In February 1948, Congress approved funding and construction began on the national cemetery.

Prior to the opening of the cemetery for the recently deceased, the remains of soldiers from locations around the Pacific Theater—including Guam, Wake Island, and Japanese POW camps—were transported to Hawaii for final interment. The first interment was made January 4, 1949. The cemetery opened to the public on July 19, 1949, with services for five war dead: an unknown serviceman; two Marines; an Army lieutenant; and one noted civilian war correspondent, Ernie Pyle. Initially, the graves at National Memorial Cemetery of the Pacific were marked with white wooden crosses and Stars of David—like the American cemeteries abroad—in preparation for the dedication ceremony on the fourth anniversary of V-J Day. Eventually, over 13,000 soldiers and sailors who died during World War II were laid to rest in the Punchbowl. Despite the Army's extensive efforts to inform the public that the star- and cross-shaped grave markers were only temporary, an outcry arose in 1951 when permanent flat granite markers replaced them.

===Updates and improvements===
A 25-bell carillon built by Schulmerich Carillons, Inc. was dedicated in 1956 during Veteran's Day services. The carillon is nicknamed "Coronation" and was funded in part by the Pacific War Memorial Commission and individual contributions. Arthur Godfrey helped to raise funds.

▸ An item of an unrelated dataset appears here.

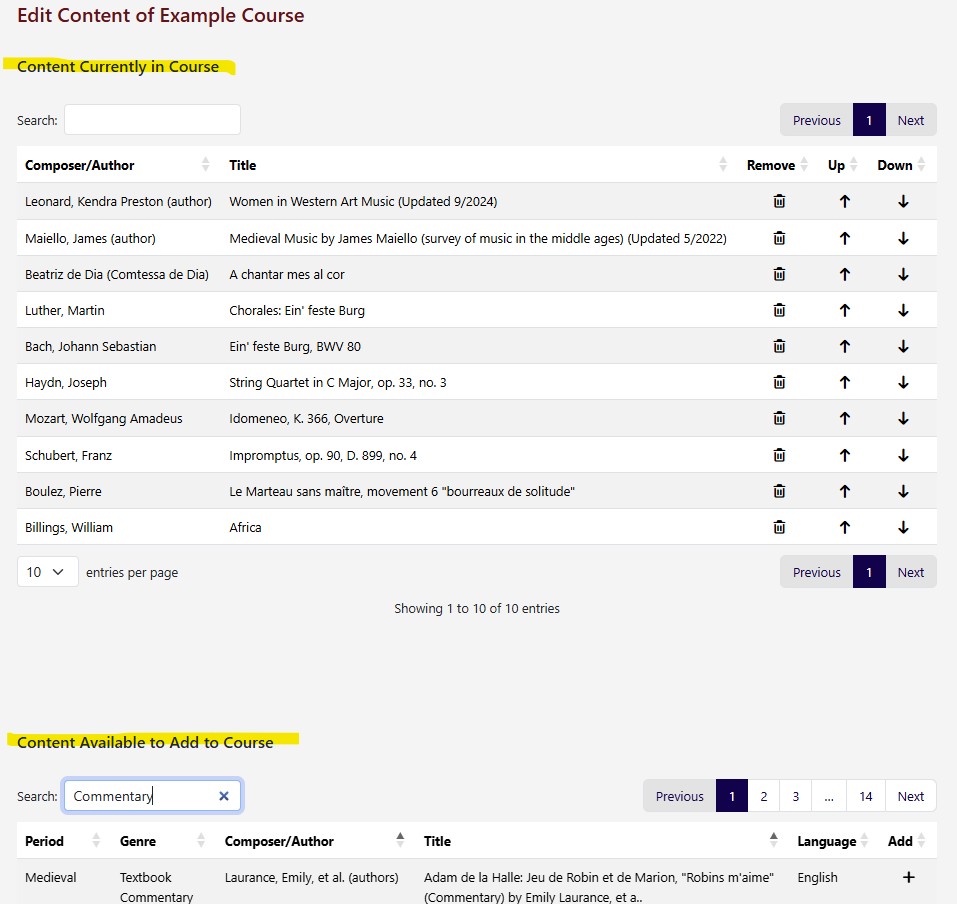 To preview your courses, click “My Courses” for a list that will include all the default music history and music theory courses, along with the custom courses you made. Click on the name of the course you want to preview to see its content and the order in which they appear.
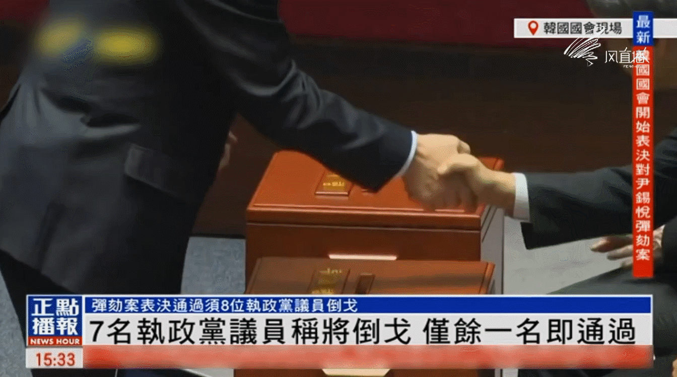 在今天表決前,韓國執政黨國民力量黨召開議員全體會議,作出維持反對彈劾總統尹錫悅動議案的決定,但允許該黨議員參與投票。

The National Memorial Cemetery of the Pacific was the first such cemetery to install Bicentennial Medal of Honor headstones, the medal insignia being defined in gold leaf. On May 11, 1976, 23 were placed on the graves of medal recipients, all but one of whom were killed in action.

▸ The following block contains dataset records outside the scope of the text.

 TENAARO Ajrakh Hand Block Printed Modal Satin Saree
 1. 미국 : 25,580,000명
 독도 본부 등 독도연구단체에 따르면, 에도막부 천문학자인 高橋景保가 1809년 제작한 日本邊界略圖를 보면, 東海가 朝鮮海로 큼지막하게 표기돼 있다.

In August 2001, about 70 generic "unknown" markers for the graves of men known to have died during the attack on Pearl Harbor were replaced with markers that included after it was determined they perished on this vessel. In addition, new information that identified grave locations of 175 men whose graves were previously marked as "unknown" resulted in the installation of new markers in October 2002.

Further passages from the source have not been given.